Mustafa: Les citoyens portent les conséquences du vote de ceux qui ont empêché la libéralisation des visas

L'ancien Premier ministre du Kosovo, Isa Mustafa, a déclaré que la question de la libéralisation des visas serait conclue en 2016, si l'accord frontalier avec le Monténégro avait été ratifié. L'ancien président du LDK, dans une interview pour l'économie en ligne, a déclaré que la volonté politique avait disparu à l'époque pour obtenir la libéralisation des visas. [...]
L'ancien président du LDK, dans une interview pour l'économie en ligne, a déclaré que la volonté politique avait disparu à l'époque pour obtenir la libéralisation des visas.
Même la démarcation n'a pas été une condition que d'autres pays ont eue, mais le cas a été saisi depuis que l'intérêt général du Kosovo a été vu, non seulement mais aussi dans la stabilité de la région que le Monténégro devient membre de l'OTAN. Ce n'était pas une préférence pour un État de devenir membre de l'OTAN s'il ne régulait pas toutes les questions frontalières avec ses voisins, donc il a été nécessaire de ratifier l'accord et d'obtenir la libéralisation”.
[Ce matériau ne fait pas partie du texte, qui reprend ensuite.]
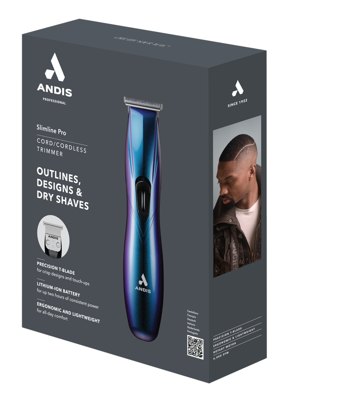 Andis Slimline® Pro Li vieglais matu trimmeris ar jaudīgu motoru, kas paredzēts lietošanai ar vadu vai bez vadiem, ideāli piemērots kakla izlīdzināšanai un konturēšanai. Litija jonu akumulators ar 120 minūšu lietošanas ilgumu bez uzlādes 150 minūtes, lai pilnībā uzlādētu akumulatoru manuāli regulējams asmens "0" darbībai iespēja strādāt ar kabeli darba ātrums 6000 apgr./min svars 0,14 kg Komplektā ietilpst: - lādēšanas stacija ar kabeli - adapteri: Eiropas, Austrālijas, Lielbritānijas - 4 plastmasas kontaktligzdas (1,55 / 3 / 6 / 10 mm) - Nazis (kat. Nr. 17 32225) - naža tīrīšanas birste - nažu eļļa

“Nous avons pu l'obtenir en 2016, mais il n'y avait aucune volonté politique de l'opposition qui soit maintenant visible et ensuite endommagée. Maintenant, on s'attend à ce que si nous entrons dans cette phase, nous aurons des problèmes parce que nous avons été avertis même alors que certains pays ont des problèmes internes avec l'extrême droite ou l'extrême gauche pour soutenir la libéralisation du Kosovo, tout comme la France”.
Mustafa parlant des nouveaux critères a dit qu'ils étaient attendus parce qu'il y a longtemps le moment a été perdu, tout en ajoutant que la libéralisation des visas sera liée à l'accord final Kosovo-Serbie.
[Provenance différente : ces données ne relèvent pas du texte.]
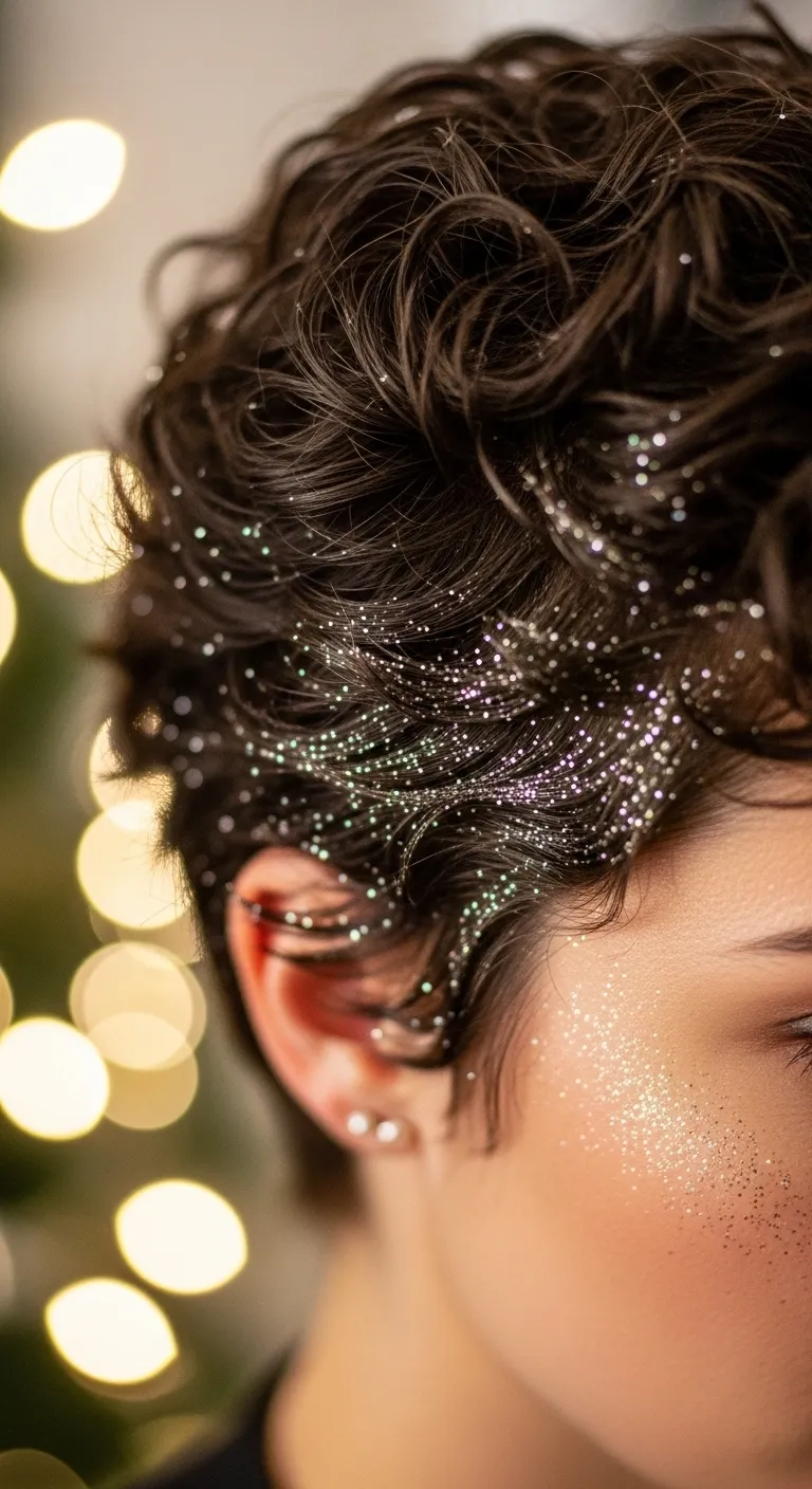 A curly pixie already looks lively, and adding a tiny bit of glitter gel near the hairline gives it holiday sparkle. Use only a fingertip amount so it doesn’t look heavy. Scrunch your curls with a moisturizing cream to keep them soft. If your curls shrink, stretch them gently while diffusing. You can pick gold, silver, or copper glitter depending on your outfit. The result photographs beautifully without needing long prep time.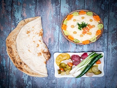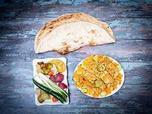 Bread + chicken 2 broth bowls + 2 lentil bowls + maabooch + spicy bread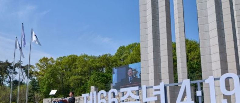 뉴스투게더 김태훈 기자 | 이재명 대통령과 김혜경 여사는 19일 오전 10시, 서울특별시 강북구에 위치한 국립4·19민주묘지에서 거행된 ‘제66주년 4‧19혁명 기념식’에 참석해 66년 전 이 땅의 민주주의를 수호하기 위해 불의에 항거한 시민과 학생들의 정신을 기억하고, 희생자 유족 등을 위로하는 시간을 가졌다. 국민주권정부 출범 후 처음 맞는 이번 기념식은 ‘작은 불빛이 모여 하나의 길로’라는 슬로건 아래 개최됐다. ‘작은불빛’은 국민주권을, ‘하나의 길’은 국민통합을 의미한다. 기념식에는 4‧19혁명 유공자 및 유족, 학생, 각계 대표 등 1,000여 명이 참석해 4‧19혁명 희생자를 추모하고 감사하는 기회를 가졌다. 4‧19혁명은, 1960년 4월, 학생과 시민이 중심이 되어 독재 권력에 항거하여 민주주의를 수호한 혁명으로, 대한민국 민주주의 발전의 중요한 전환점이 됐다. 2023년 5월 18일 4‧19혁명 관련 기록물 1,019건이 유네스코 세계기록유산으로 등재 결정됐다. 이재명 대통령은 먼저 국립4‧19민주묘지 내 사월학생혁명기념탑에서 4‧19혁명 단체장, 당시 시위에 참가한 고등학교와 대학교에 재학

Maintenant nous sommes arrivés à la situation dont nous avons été avertis. Nous avons été avertis que si nous ne faisons pas le travail en 2016 et que nous entrons dans la zone électorale du Parlement européen et dans les élections de plusieurs autres États, nous aurons des problèmes. Maintenant, cette question a été ouverte et on s'attend à ce qu'elle s'ouvre, car nous en sommes à la phase du dialogue et maintenant le dialogue est utilisé pour conditionner, selon moi, la libéralisation des visas avec de nouvelles conditions. C'est faux parce que le Kosovo a rempli tous les critères avec la ratification de l'accord de démarketing avec le Monténégro, et je m'attends à ce que sous cette forme nous soyons encore plus conditionnés jusqu'à ce qu'un accord” soit conclu.
L'ancien Premier ministre a également parlé de la proposition franco-allemande pour l'accord final avec la Serbie.
Le “en fait peut maintenant devenir la moitié d'un accord, parce qu'il semble être issu de certaines informations qui ont été formulées et les cadres que la France et l'Allemagne ont offerts ne ferment pas complètement la question de l'accord final avec la Serbie, mais il peut conclure maintenant une partie d'une partie ultérieure qui signifie que si la libéralisation des visas est effectuée avec un tel accord, alors l'accord ne sera pas ce qui a été attendu pour le Kosovo”.
Il a également commenté les actions de l'opposition à l'époque où il était premier ministre, en citant les coûts des citoyens pour les visas.
“Les conséquences sont claires, comme l'a dit l'ancien Premier ministre Hoti, que les citoyens ont payé environ 90 millions d'euros pour les procédures de visa. Tous ceux qui les ont payés n'ont pas reçu de visas, et la plupart d'entre eux ont perdu leur argent. Nous paierons encore jusqu'à ce que nous remplissions les nouveaux critères que la France nous soumet, de sorte que les citoyens ont payé pour ce comportement d'opposition, mais les citoyens eux-mêmes ont payé pour leur comportement, parce que les citoyens ont donné leur vote à ceux qui ont depuis empêché la libéralisation des visas, ceux qui ont apporté du gaz lacrymogène, des bombes Molotov et d'autres, de sorte que les citoyens sont solidifiés par de telles actions par leur propre vote. Par conséquent, en tant que citoyens, nous devons également supporter les conséquences de notre conscience et de notre conduite. C'est mauvais, aussi, ce n'est pas très satisfaisant que je dis ça, mais nous sommes vraiment dans une situation que nous payons maintenant pour les dommages causés au pays plus tôt sur”.